There are many people who disagree and say that microwave cooking does not decrease the nutrition in food, but I have not been able to find any studies to support that side of the argument. Bottom line, more studies are needed. But in the meantime, I will avoid putting food in my microwave.  As a matter of personal preference, I have also found that my food doesn’t taste as good after heating in a microwave, and often the texture changes to become rubbery and dry. What a waste to spend money on beautiful healthy organic food, and then lose so much of the goodness through microwave cooking or reheating!

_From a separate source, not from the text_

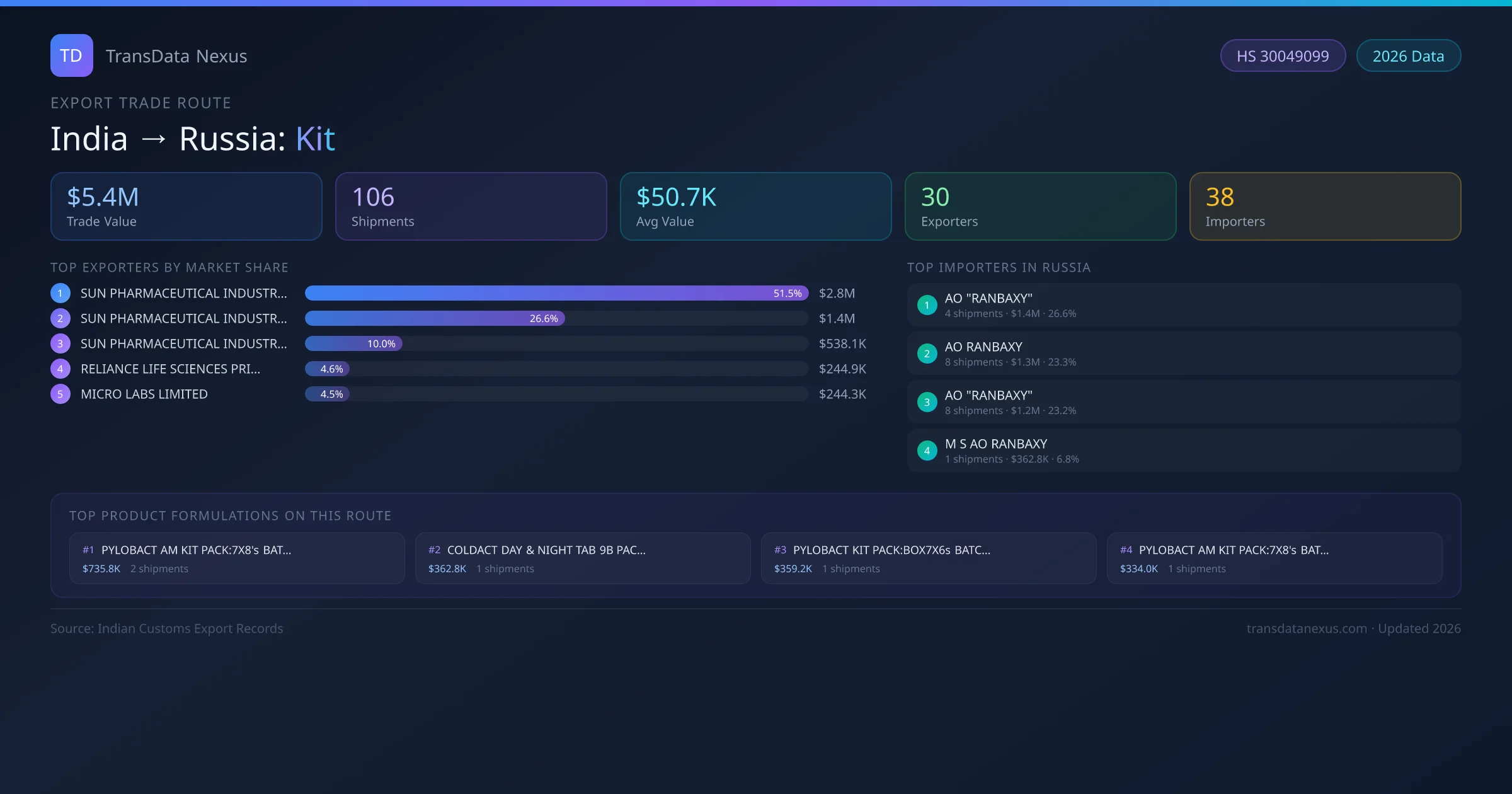 India has recorded 106 verified shipments of Kit exported to Russia, representing a combined trade value of $5.4M USD. This corridor is served by 30 active Indian exporters, with an average shipment value of $50.7K USD. The leading Indian exporter is SUN PHARMACEUTICAL INDUSTRIES LIMITED, which accounts for 52% of total export value with 17 shipments worth $2.8M USD. On the buying side, AO "RANBAXY" is the largest importer in Russia with $1.4M USD in purchases. The top 3 suppliers — SUN PHARMACEUTICAL INDUSTRIES LIMITED, SUN PHARMACEUTICAL INDUSTRIES LIMITED , SUN PHARMACEUTICAL INDUSTRIES LTD — together control 88% of total trade value on this route. All data sourced from Indian Customs (DGFT) shipping bill records. Values reported in FOB USD.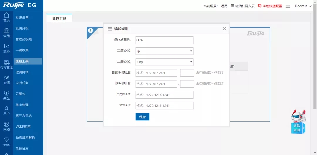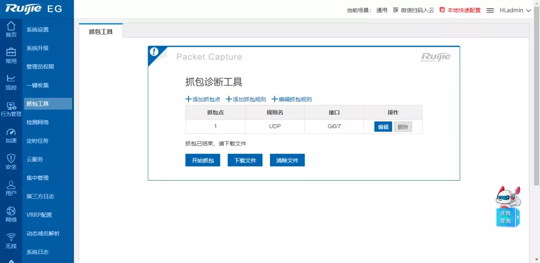 出口网关(以下简称“EG”)是通过PCAP功能实现抓包,可以在命令行下或者WEB页面下进行报文捕获。EG命令行下配置PCAP参考上节数据中心交换机PCAP控制面抓包配置此处不在赘述。在EG的WEB页面下进行报文捕获是比较常用的方法,操作方法如下。

You really CAN survive without a microwave.  Here are a few tips:

  • Plan ahead. Take your dinner out of the freezer that morning or the night before so you don’t end up having to use the microwave to defrost.
  • Freeze items in sealed gallon-sized freezer bags or other containers. An hour before meal time, just take one out and defrost it in a sink or bowl of water until it’s thawed enough.
  • A toaster oven is great for heating up leftovers! Keep it at a low temperature — like 200-250 degrees F — and gently warm a plate of food over the course of 20-30 minutes.
  • Another great alternative is a convection oven. They are a quick safe way to heat foods.
  • All the ways we use to cook and heat foods before microwaves came along are still good: steaming, sautéing, grilling, baking, or slow cooking in soups or stews in a crock pot is advised.
  • Try eating more raw foods. This is the best way to improve your health over the long run.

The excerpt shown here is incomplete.